Andrew Weaver, head of the Green Party of British Columbia, said last week it was time the province followed New Zealand’s example and restricted foreign ownership of real estate.
For some background: On January 1, New Zealand limited the purchase of existing homes to its citizens, Australians, and permanent residents, arguing that foreign speculation was distorting the real estate market. The ban does not apply to Australian citizens because of previous agreements, and because Kiwis are exempt from homeownership restrictions in Australia.
David Parker, New Zealand’s minister for economic development, environment, and trade and export growth, introduced the bill in December.
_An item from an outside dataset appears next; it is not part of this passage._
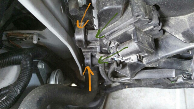 Na priloženej fotke sú žltými šipkami znázornené ušká na chladiči a zelenými šipkami teleso ventilátora nasunuté do tých ušiek.Dostanete sa k tomu len po demontáži komplet vzduchového filtra."Opravil" som to klasickým spôsobom,zastrúhal som trocha bukového :D a zapichol som ho tam.Ak by sa vám teda pri chode ventilátora objavili vybrácie,možná príčina je táto :) .
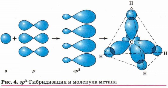 Связи, отражённые этими чёрточками, ковалентные, но разные по способу перекрывания: одна из них σ, другая — π. В молекуле этилена каждый атом углерода соединён не с четырьмя, а с тремя другими атомами (с одним атомом углерода и двумя атомами водорода), поэтому в гибридизацию вступают только три электронные орбитали: одна s и две р, т. е. происходит sр2-гибридизация. Оси трёх гибридных орбиталей располагаются в одной плоскости под углом 120° по отношению друг к другу. Орбитали каждого атома углерода перекрываются с s-орбиталями двух атомов водорода и с одной такой же sр2-гибридной орбиталью соседнего атома углерода и образуют три σ-связи под углом 120°. Следовательно, молекула этилена будет иметь плоскостное строение. Две р-орбитали атомов углерода, которые не участвуют в гибридизации, будут перекрываться в двух областях, перпендикулярных плоскости молекулы («боковое» перекрывание), и образуют π-связь (рис. 5).

Over the last few years, money has been flowing into the country’s real estate market from overseas, particularly from mainland China, according to Parker. This helped heat up the property market in cities like Auckland.
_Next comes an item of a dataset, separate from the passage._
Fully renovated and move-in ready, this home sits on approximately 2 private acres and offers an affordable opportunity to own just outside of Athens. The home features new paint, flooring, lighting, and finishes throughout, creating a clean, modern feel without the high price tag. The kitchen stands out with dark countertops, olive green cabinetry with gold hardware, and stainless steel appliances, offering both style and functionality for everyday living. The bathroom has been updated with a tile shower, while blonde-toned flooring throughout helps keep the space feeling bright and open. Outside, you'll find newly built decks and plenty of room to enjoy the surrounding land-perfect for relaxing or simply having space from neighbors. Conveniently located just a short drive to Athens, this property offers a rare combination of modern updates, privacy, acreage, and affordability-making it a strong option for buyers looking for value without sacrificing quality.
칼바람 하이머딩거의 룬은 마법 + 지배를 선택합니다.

Parker said it was difficult to determine to what extent the market was being influenced by foreign buyers, or the number of homes they owned. However, that didn’t stop the policy from being implemented.
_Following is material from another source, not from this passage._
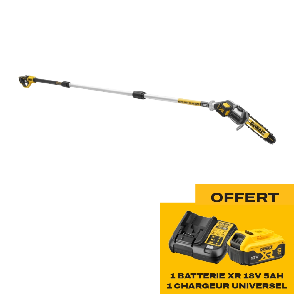 L'élagueuse sur perche DEWALT DCMPS567 est un outil sans fil de la gamme XR 18V, conçu pour faciliter les travaux d'élagage en hauteur. Grâce à ses tubes télescopiques, elle offre une portée maximale de 4,5 mètres, permettant d'atteindre aisément les branches élevées sans nécessiter d'échelle. Sa tête inclinée assure un meilleur contrôle lors de la coupe, rendant les opérations plus précises et sécurisées.

In Vancouver, North America’s most expensive housing market, non-Canadian residents are estimated to own less than 5% of residential real estate. Some argue, however, that the number is actually higher and was being masked behind shell companies, nominees, and trusts.
Weaver said he plans to push the issue of foreign restrictions forward.
“This is not about what passport you own, it's about where you live,” Weaver told CBC. “We don't have to rediscover the wheel because they are already doing it in New Zealand.”